__RECORDS SHOWN__:

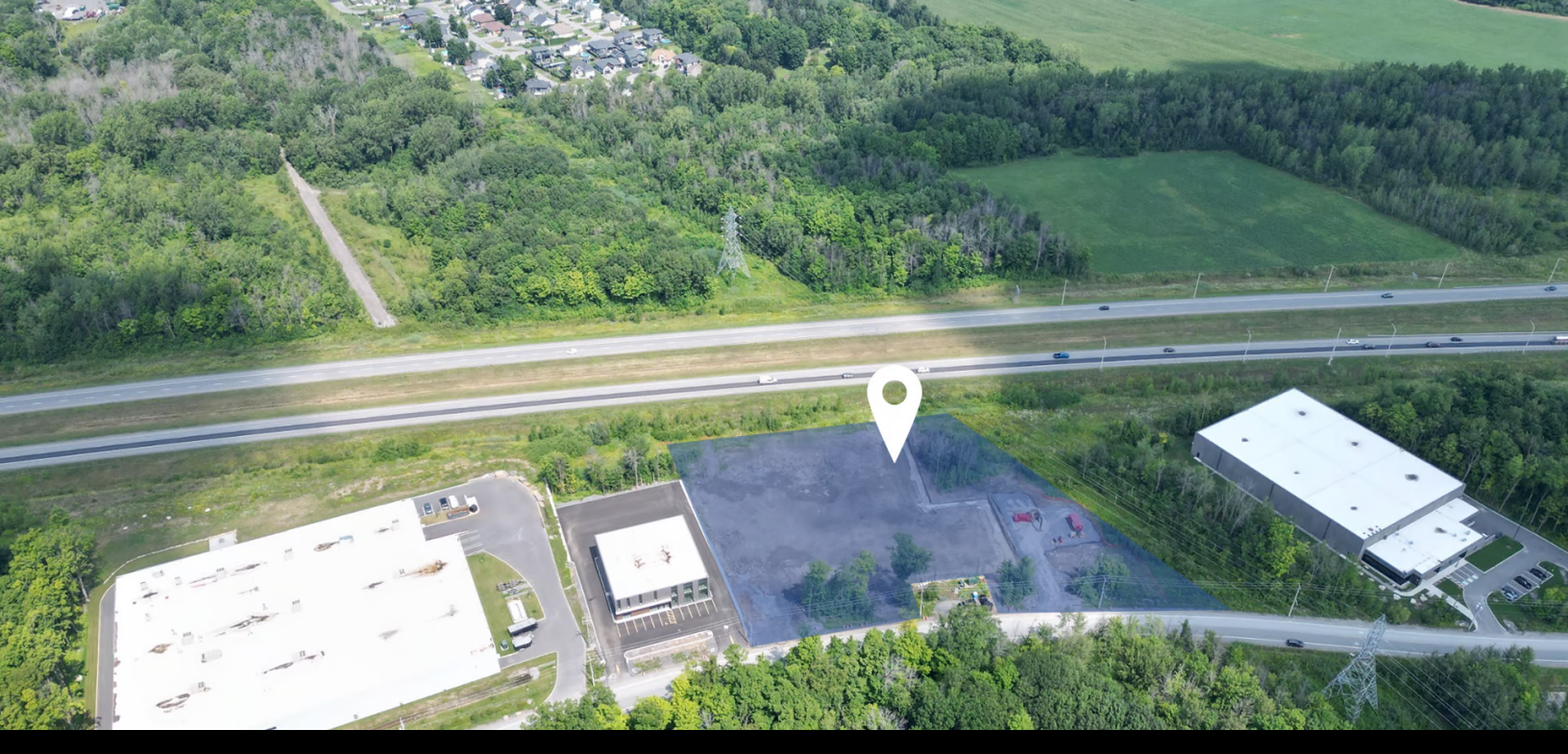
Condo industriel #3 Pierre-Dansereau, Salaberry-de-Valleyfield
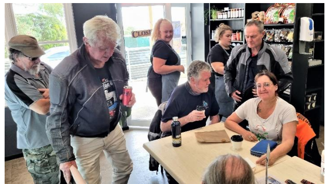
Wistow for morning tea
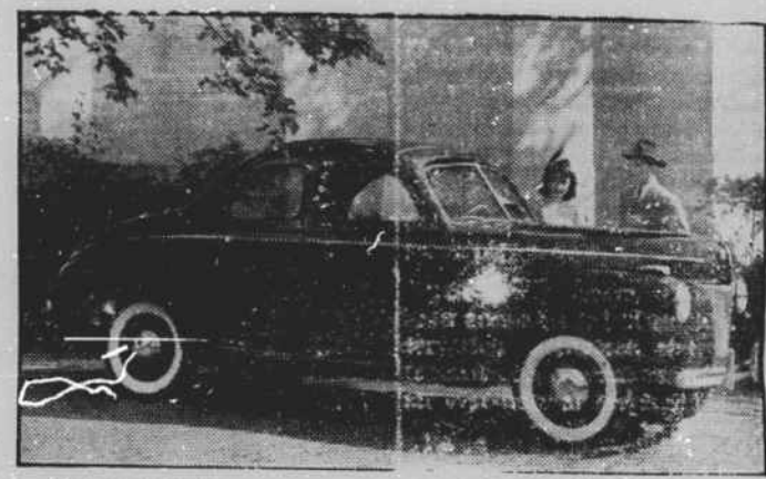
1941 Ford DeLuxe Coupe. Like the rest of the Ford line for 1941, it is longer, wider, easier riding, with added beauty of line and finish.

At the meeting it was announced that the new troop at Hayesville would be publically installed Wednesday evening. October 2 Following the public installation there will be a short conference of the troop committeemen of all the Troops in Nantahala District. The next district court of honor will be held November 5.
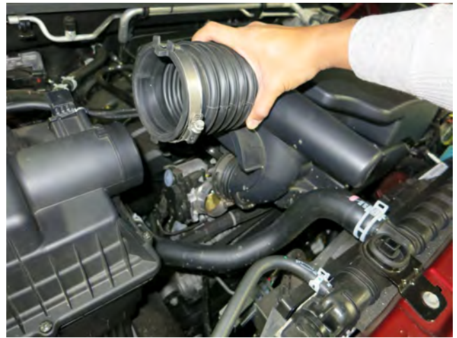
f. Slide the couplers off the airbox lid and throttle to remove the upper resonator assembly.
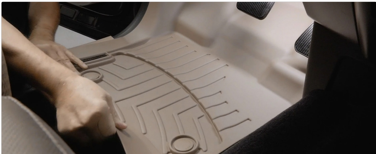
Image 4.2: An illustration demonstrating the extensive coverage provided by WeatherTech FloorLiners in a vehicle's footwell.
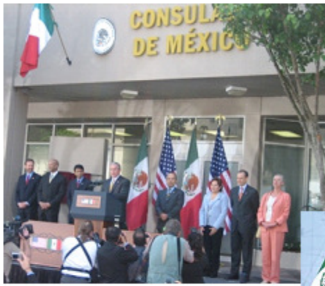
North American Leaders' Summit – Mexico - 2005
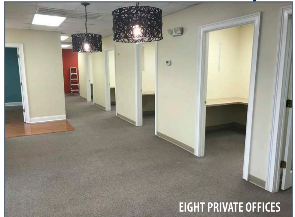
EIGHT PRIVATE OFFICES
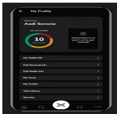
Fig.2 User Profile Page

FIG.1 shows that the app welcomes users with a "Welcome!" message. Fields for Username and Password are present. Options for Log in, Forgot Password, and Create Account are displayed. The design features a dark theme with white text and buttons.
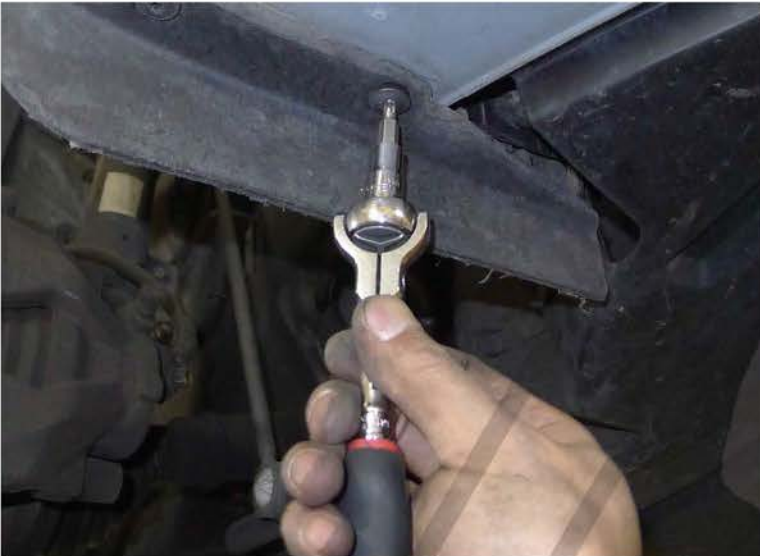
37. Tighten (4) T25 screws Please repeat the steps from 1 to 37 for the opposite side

__EXERCISE AIM__: Without copying any picture, repeat all of the entries exactly.

__EXERCISE OUTPUT__:
Condo industriel #3 Pierre-Dansereau, Salaberry-de-Valleyfield
Wistow for morning tea
1941 Ford DeLuxe Coupe. Like the rest of the Ford line for 1941, it is longer, wider, easier riding, with added beauty of line and finish.

At the meeting it was announced that the new troop at Hayesville would be publically installed Wednesday evening. October 2 Following the public installation there will be a short conference of the troop committeemen of all the Troops in Nantahala District. The next district court of honor will be held November 5.
f. Slide the couplers off the airbox lid and throttle to remove the upper resonator assembly.
Image 4.2: An illustration demonstrating the extensive coverage provided by WeatherTech FloorLiners in a vehicle's footwell.
North American Leaders' Summit – Mexico - 2005
EIGHT PRIVATE OFFICES
Fig.2 User Profile Page

FIG.1 shows that the app welcomes users with a "Welcome!" message. Fields for Username and Password are present. Options for Log in, Forgot Password, and Create Account are displayed. The design features a dark theme with white text and buttons.
37. Tighten (4) T25 screws Please repeat the steps from 1 to 37 for the opposite side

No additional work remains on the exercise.